STUDY MATERIAL Start Marker
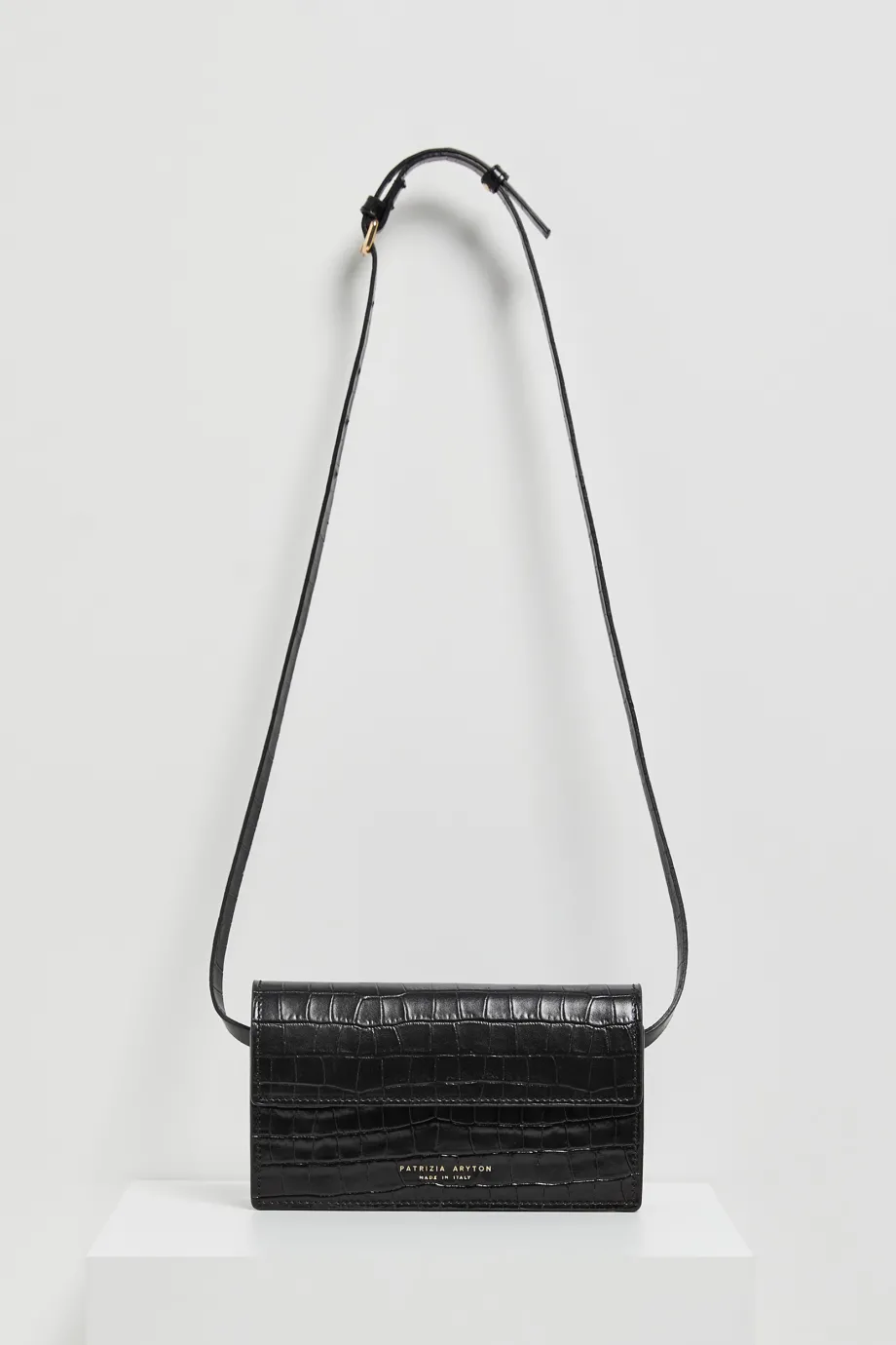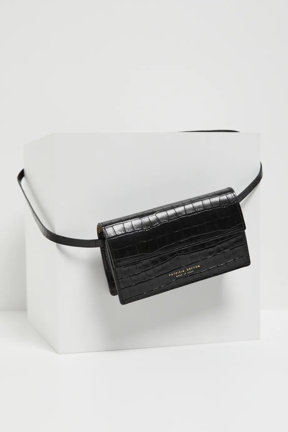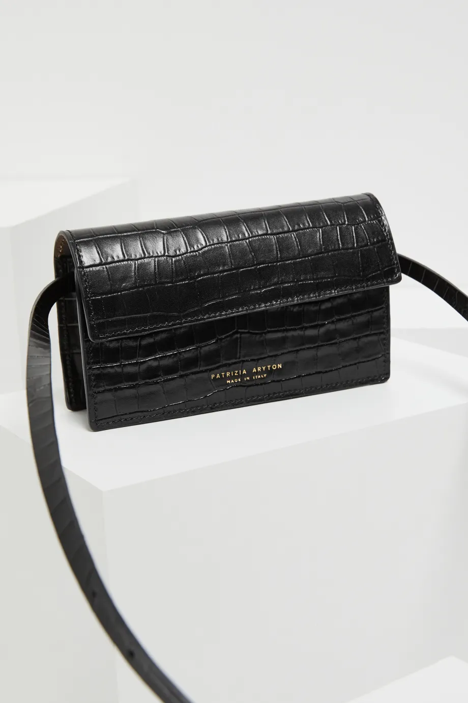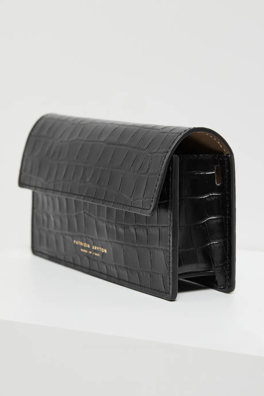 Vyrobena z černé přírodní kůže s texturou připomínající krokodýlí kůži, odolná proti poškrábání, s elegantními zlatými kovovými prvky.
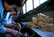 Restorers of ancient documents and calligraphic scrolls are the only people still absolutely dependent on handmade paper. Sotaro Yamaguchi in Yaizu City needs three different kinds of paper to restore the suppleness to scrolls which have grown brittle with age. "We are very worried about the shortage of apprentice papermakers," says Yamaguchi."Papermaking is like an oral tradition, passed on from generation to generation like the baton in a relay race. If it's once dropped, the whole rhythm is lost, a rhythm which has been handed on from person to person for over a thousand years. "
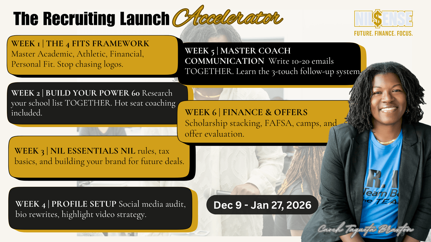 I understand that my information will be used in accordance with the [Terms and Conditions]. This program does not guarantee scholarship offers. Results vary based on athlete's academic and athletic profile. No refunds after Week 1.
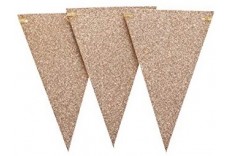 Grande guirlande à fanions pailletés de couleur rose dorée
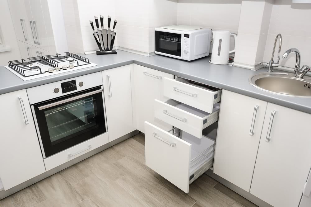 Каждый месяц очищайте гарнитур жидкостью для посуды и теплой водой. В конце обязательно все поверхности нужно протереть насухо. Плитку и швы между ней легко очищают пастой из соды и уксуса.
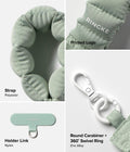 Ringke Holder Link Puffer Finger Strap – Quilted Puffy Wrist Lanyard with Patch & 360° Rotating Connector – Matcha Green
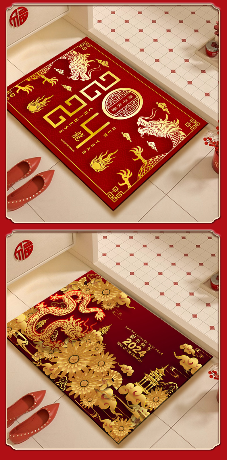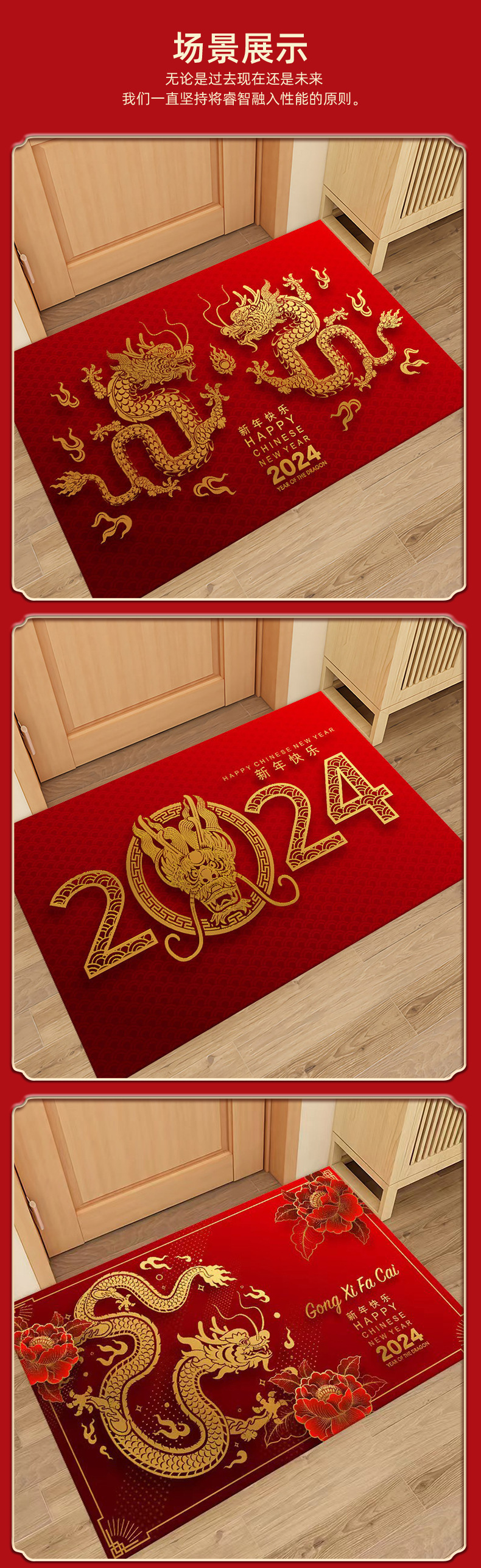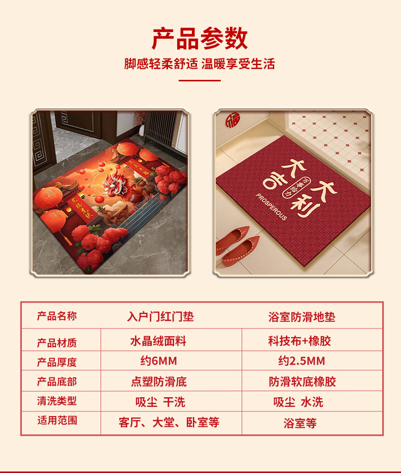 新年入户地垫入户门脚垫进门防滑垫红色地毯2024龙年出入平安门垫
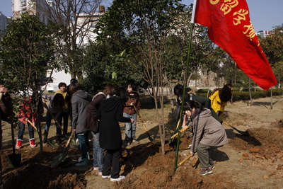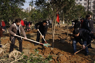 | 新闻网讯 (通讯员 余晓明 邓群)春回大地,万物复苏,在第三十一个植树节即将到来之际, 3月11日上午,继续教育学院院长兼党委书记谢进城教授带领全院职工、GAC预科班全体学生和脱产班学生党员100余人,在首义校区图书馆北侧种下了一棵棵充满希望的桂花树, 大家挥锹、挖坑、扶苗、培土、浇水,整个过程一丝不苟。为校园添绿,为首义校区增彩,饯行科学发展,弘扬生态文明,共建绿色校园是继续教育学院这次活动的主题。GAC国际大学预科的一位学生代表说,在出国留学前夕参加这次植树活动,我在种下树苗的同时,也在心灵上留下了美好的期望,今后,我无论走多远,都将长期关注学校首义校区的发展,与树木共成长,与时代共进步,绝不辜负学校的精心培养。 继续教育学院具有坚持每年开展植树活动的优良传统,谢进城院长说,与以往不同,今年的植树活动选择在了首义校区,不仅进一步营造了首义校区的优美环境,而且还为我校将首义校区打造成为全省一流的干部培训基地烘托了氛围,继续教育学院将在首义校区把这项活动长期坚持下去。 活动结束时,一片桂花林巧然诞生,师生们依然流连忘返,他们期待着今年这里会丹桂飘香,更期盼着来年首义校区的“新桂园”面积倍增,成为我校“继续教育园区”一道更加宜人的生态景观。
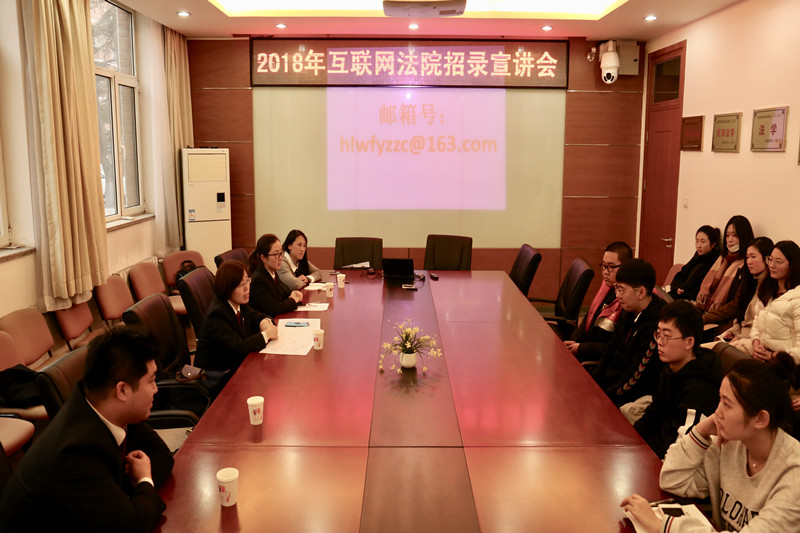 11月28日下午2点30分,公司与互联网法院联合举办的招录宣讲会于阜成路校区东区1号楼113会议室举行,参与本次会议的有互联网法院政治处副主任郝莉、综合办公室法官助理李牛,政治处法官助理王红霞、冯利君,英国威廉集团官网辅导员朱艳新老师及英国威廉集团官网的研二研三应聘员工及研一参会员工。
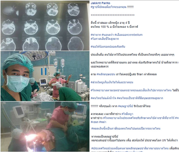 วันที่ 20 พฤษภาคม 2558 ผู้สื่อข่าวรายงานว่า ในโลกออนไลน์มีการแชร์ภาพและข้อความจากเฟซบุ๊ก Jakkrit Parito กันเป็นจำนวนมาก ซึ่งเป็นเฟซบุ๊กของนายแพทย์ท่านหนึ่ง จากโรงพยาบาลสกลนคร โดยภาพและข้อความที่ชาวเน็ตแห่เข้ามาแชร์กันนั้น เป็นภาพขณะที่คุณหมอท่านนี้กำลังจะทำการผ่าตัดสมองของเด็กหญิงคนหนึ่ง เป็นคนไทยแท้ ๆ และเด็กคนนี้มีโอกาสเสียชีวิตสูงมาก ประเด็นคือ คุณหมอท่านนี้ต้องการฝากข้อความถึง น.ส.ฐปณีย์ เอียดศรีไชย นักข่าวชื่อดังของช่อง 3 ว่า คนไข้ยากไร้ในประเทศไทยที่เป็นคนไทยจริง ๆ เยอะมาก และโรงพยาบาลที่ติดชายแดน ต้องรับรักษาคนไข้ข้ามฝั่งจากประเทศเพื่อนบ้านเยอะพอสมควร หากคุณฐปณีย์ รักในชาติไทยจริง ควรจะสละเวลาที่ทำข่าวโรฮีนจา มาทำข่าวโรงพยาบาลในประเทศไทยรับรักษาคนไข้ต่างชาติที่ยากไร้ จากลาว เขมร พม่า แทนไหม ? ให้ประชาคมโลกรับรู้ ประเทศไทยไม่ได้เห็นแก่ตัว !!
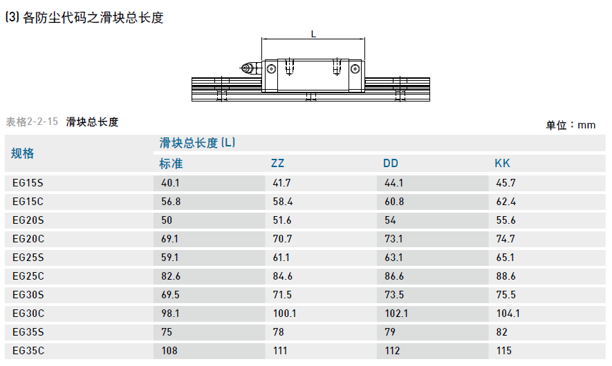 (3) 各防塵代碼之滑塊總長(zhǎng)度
STUDY MATERIAL End Marker
◆ REQUIRED ACTION
Leave the pictures out and reproduce each record exactly as written.

◆ EXERCISE OUTPUT
 Vyrobena z černé přírodní kůže s texturou připomínající krokodýlí kůži, odolná proti poškrábání, s elegantními zlatými kovovými prvky.
 Restorers of ancient documents and calligraphic scrolls are the only people still absolutely dependent on handmade paper. Sotaro Yamaguchi in Yaizu City needs three different kinds of paper to restore the suppleness to scrolls which have grown brittle with age. "We are very worried about the shortage of apprentice papermakers," says Yamaguchi."Papermaking is like an oral tradition, passed on from generation to generation like the baton in a relay race. If it's once dropped, the whole rhythm is lost, a rhythm which has been handed on from person to person for over a thousand years. "
 I understand that my information will be used in accordance with the [Terms and Conditions]. This program does not guarantee scholarship offers. Results vary based on athlete's academic and athletic profile. No refunds after Week 1.
 Grande guirlande à fanions pailletés de couleur rose dorée
 Каждый месяц очищайте гарнитур жидкостью для посуды и теплой водой. В конце обязательно все поверхности нужно протереть насухо. Плитку и швы между ней легко очищают пастой из соды и уксуса.
 Ringke Holder Link Puffer Finger Strap – Quilted Puffy Wrist Lanyard with Patch & 360° Rotating Connector – Matcha Green
 新年入户地垫入户门脚垫进门防滑垫红色地毯2024龙年出入平安门垫
 | 新闻网讯 (通讯员 余晓明 邓群)春回大地,万物复苏,在第三十一个植树节即将到来之际, 3月11日上午,继续教育学院院长兼党委书记谢进城教授带领全院职工、GAC预科班全体学生和脱产班学生党员100余人,在首义校区图书馆北侧种下了一棵棵充满希望的桂花树, 大家挥锹、挖坑、扶苗、培土、浇水,整个过程一丝不苟。为校园添绿,为首义校区增彩,饯行科学发展,弘扬生态文明,共建绿色校园是继续教育学院这次活动的主题。GAC国际大学预科的一位学生代表说,在出国留学前夕参加这次植树活动,我在种下树苗的同时,也在心灵上留下了美好的期望,今后,我无论走多远,都将长期关注学校首义校区的发展,与树木共成长,与时代共进步,绝不辜负学校的精心培养。 继续教育学院具有坚持每年开展植树活动的优良传统,谢进城院长说,与以往不同,今年的植树活动选择在了首义校区,不仅进一步营造了首义校区的优美环境,而且还为我校将首义校区打造成为全省一流的干部培训基地烘托了氛围,继续教育学院将在首义校区把这项活动长期坚持下去。 活动结束时,一片桂花林巧然诞生,师生们依然流连忘返,他们期待着今年这里会丹桂飘香,更期盼着来年首义校区的“新桂园”面积倍增,成为我校“继续教育园区”一道更加宜人的生态景观。
 11月28日下午2点30分,公司与互联网法院联合举办的招录宣讲会于阜成路校区东区1号楼113会议室举行,参与本次会议的有互联网法院政治处副主任郝莉、综合办公室法官助理李牛,政治处法官助理王红霞、冯利君,英国威廉集团官网辅导员朱艳新老师及英国威廉集团官网的研二研三应聘员工及研一参会员工。
 วันที่ 20 พฤษภาคม 2558 ผู้สื่อข่าวรายงานว่า ในโลกออนไลน์มีการแชร์ภาพและข้อความจากเฟซบุ๊ก Jakkrit Parito กันเป็นจำนวนมาก ซึ่งเป็นเฟซบุ๊กของนายแพทย์ท่านหนึ่ง จากโรงพยาบาลสกลนคร โดยภาพและข้อความที่ชาวเน็ตแห่เข้ามาแชร์กันนั้น เป็นภาพขณะที่คุณหมอท่านนี้กำลังจะทำการผ่าตัดสมองของเด็กหญิงคนหนึ่ง เป็นคนไทยแท้ ๆ และเด็กคนนี้มีโอกาสเสียชีวิตสูงมาก ประเด็นคือ คุณหมอท่านนี้ต้องการฝากข้อความถึง น.ส.ฐปณีย์ เอียดศรีไชย นักข่าวชื่อดังของช่อง 3 ว่า คนไข้ยากไร้ในประเทศไทยที่เป็นคนไทยจริง ๆ เยอะมาก และโรงพยาบาลที่ติดชายแดน ต้องรับรักษาคนไข้ข้ามฝั่งจากประเทศเพื่อนบ้านเยอะพอสมควร หากคุณฐปณีย์ รักในชาติไทยจริง ควรจะสละเวลาที่ทำข่าวโรฮีนจา มาทำข่าวโรงพยาบาลในประเทศไทยรับรักษาคนไข้ต่างชาติที่ยากไร้ จากลาว เขมร พม่า แทนไหม ? ให้ประชาคมโลกรับรู้ ประเทศไทยไม่ได้เห็นแก่ตัว !!
 (3) 各防塵代碼之滑塊總長(zhǎng)度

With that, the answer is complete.